Dec. 13 is likely to be remembered as a "bloody Monday," with the price of Bitcoin (BTC) losing support at $47,000 and altcoins dropping as much as 25% in an instant.
When the move took place, analysts were quick to deduce that Bitcoin’s 8.5 percent pullback was directly related to the Federal Open Market Committee (FOMC) meeting, which began on Dec. 15.
Investors worry that the Fed will eventually begin to taper its bond purchases, or simply put, reduce the Fed's bond buyback program. The logic is that revisions to the current monetary policy will have a negative impact on riskier assets. While that assumption cannot be confirmed, Bitcoin is up 67% year-to-date as of Dec. 12. Therefore, it would make sense for investors to pocket these profits before the market becomes uncertain, which may be related to the current pullback in Bitcoin prices.
Bitcoin prices have corrected 8.2% over the past week, but it has also outperformed the altcoin market as a whole. This is in stark contrast to the past 50 days, as the market share (dominance) of the leading cryptocurrency dropped from 47.5% to 42%. Since Bitcoin is relatively less risky than altcoins, investors can move directly to Bitcoin.

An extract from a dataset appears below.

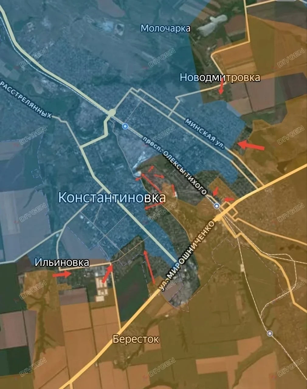 Продвигаясь в самой Константиновке, ВС РФ развивают глубокий охват города с флангов. Бои идут на южной окраине Долгой Балки, контроль над которой позволит выйти к северной части Константиновки с запада и открыть выход к Николайполю. Со стороны Ильиновки наши подразделения атакуют Константиновку, продвигаясь к юго-западной стороне города.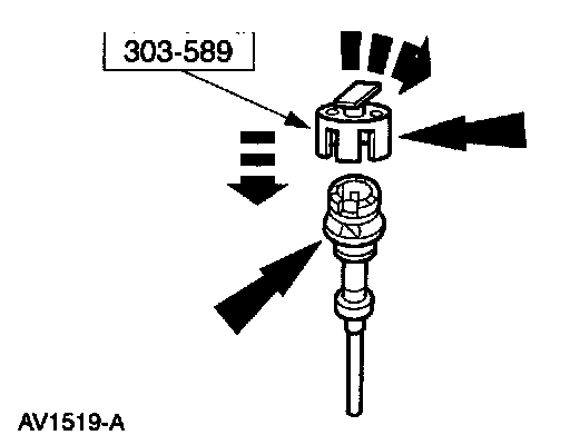 1. Install the special tool on the camshaft synchronizer by rotating the tool until it engages the notch in the camshaft synchronizer housing and the armature.

Tether's discount is as low as 4%
The premium or discount on OKEx Tether (USDT) measures the difference between China-based peer-to-peer (P2P) transactions and the official dollar currency. Figures above 100% indicate excessive demand for cryptocurrency investments. On the other hand, a 5% discount usually indicates heavy selling activity.
The Tether indicator fell to 96% on Dec. 13, which is slightly pessimistic, but not shocking for a 10% drop in the total cryptocurrency market capitalization. However, this indicator has been above 100% for more than two months, showing a lack of excitement among Chinese traders.
In further evidence that the price crash on Dec. 13 only slightly impacted investor sentiment, the total liquidation volume in 24 hours was $400 million.
What's more, only $300 million of long-term leveraged contracts were forced to liquidate due to insufficient margin. That figure looks insignificant compared with the Dec. 3 crash, when $2.1 billion of leveraged buyers were liquidated.
Bitcoin Bears Don’t Have Excessive Demand Right Now
For further evidence that the cryptocurrency market structure has not been strongly affected by the price crash, traders should analyze perpetual futures. These contracts have an embedded rate, typically charged every eight hours, to balance the risk of the trade.
A positive funding rate indicates that the longs (buy side) are demanding more leverage. However, the opposite happens when shorts (sellers) demand more leverage, which causes the funding rate to turn negative.
Considering that most cryptocurrencies suffered considerable losses on December 13, the overall market structure held up well. If there is excessive demand for shorts betting that the price of Bitcoin will fall below $46,000, the 8-hour funding rate of perpetual futures will be below 0.05%.
Tether is trading at a 4% discount on Chinese markets, $300 million in long contract liquidations and neutral funding rates are not the hallmarks of a bear market. Unless there is a major change in these fundamentals, there is no reason for Bitcoin to reach $42,000 or lower.